In the soliloquy I chose, Edmund mocks his father's insistence that the "late eclipses in the sun and moon portend no good to us." Ironically(and as they always do in Shakespeare) the predictions laid out by Gloucester--that love will cool, friendships will fail, brothers will divide, and the King will rail against nature--come true. But that's the beauty of fiction, to write in vague prophecies that match up with real events.

Astrology was the mysterious science of the day, and professional astrologers were hired by the state to serve the kings and queens and provide "wisdom" written in the stars. One of my heroes, Carl Sagan, explained in the documentary series Cosmos thusly:

"Astrology developed into a strange discipline--a mixture of careful observations, mathematics and record-keeping, with fuzzy thinking and pious fraud. Nevertheless, astrology survived and flourished. Why? Because it seems to lend a cosmic significance to the routine of our daily lives. It pretends to satisfy our longing to feel personally connected with the universe. Astrology suggests a dangerous fatalism--if our lives are controlled by a set of traffic signals in the sky, why try to change anything?"

Edmund's speech provides a rant worthy of Sagan's appeal to reason.


King Lear, Act I, Sc.
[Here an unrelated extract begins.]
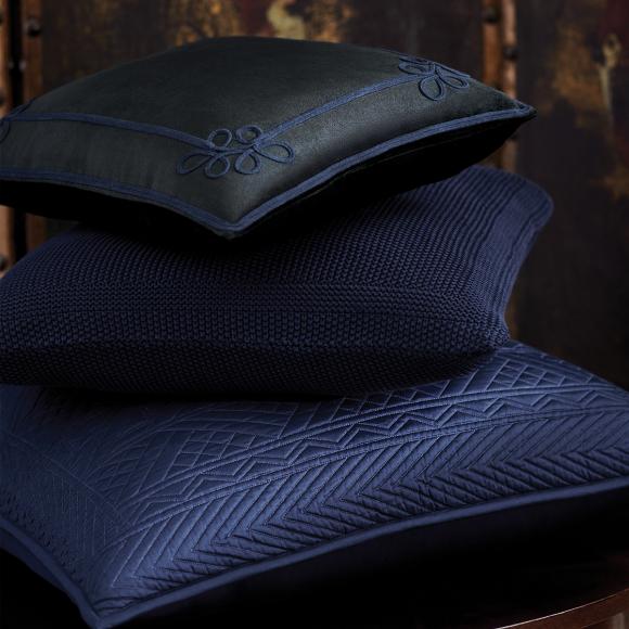 A perfectly luxurious add-on to your bedding scheme, this plush velvet cushion case is framed in braided trim reminiscent of traditional soutache embroidery.

II
Edmund: This is the excellent foppery of the world 
that when we are sick in fortune—
often the surfeit of our own behavior—
we make guilty of our disasters the sun, the moon, and the stars, 
as if we were villains by necessity, 
fools by heavenly compulsion, 
knaves, thieves, and treachers by spherical predominance, 
drunkards, liars, and adulterers by an enforced obedience of planetary influence, 
and all that we are evil in by a divine thrusting-on. 
An admirable evasion of whoremaster man, 
to lay his goatish disposition to the charge of a star! 
My father compounded with my mother under the dragon’s tail 
and my nativity was under Ursa Major, 
so that it follows I am rough and lecherous. 
Fut, I should have been that I am, 
had the maidenliest star in the firmament twinkled on my bastardizing. 

Monday, January 7, 2013

Tomorrow, and tomorrow, and tomorrow



Coming in a close second place for "Most Emo Shakespeare Speech EVAR" is.... Macbeth and his melancholy-saturated bucket of resentment toward that horrible journey he calls life! Hamlet's Act I soliloquy about his incestuous uncle and mom takes first, of course. And Othello a close third, I'd think. You may argue about King Lear's weepfests, but once you're past a certain age, your rants against the world turn more downright sad than college-student-just-wants-material-for-his-late-night-guitar-busking-to-impress-dorm-girls emo.

Not that either Macbeth or Hamlet have no good reason to be sad sacks--they have more reason than any 19-year-old sk8terboi on campus could ever dream of having. Mr. Thane of Glamis, Cawdor, and newly crowned King of Scotland has just been informed that his ball-breaking Lady Macbeth finally died of her cray cray, and he just needs to poeticize his feels. I mean, he did everything she asked in order to satisfy HER voracious desire for power and then SHE has the gall to let that damned spot knock her off the merry-go-round. If you're fortunate enough to experience the McKittrick Hotel's Sleep No More in NYC, you know all this at least led to some great make-up acrobatics in the bedroom before the daggers came out. Not sure it was worth it in the end for Macbeth, however. What, with the beheading and all.

Macbeth, Act V, Sc. V
Macbeth: She should have died hereafter;
There would have been a time for such a word.
Tomorrow, and tomorrow, and tomorrow,
Creeps in this petty pace from day to day,
To the last syllable of recorded time;
And all our yesterdays have lighted fools
The way to dusty death. Out, out, brief candle!
Life's but a walking shadow, a poor player
That struts and frets his hour upon the stage
And then is heard no more. It is a tale
Told by an idiot, full of sound and fury
Signifying nothing.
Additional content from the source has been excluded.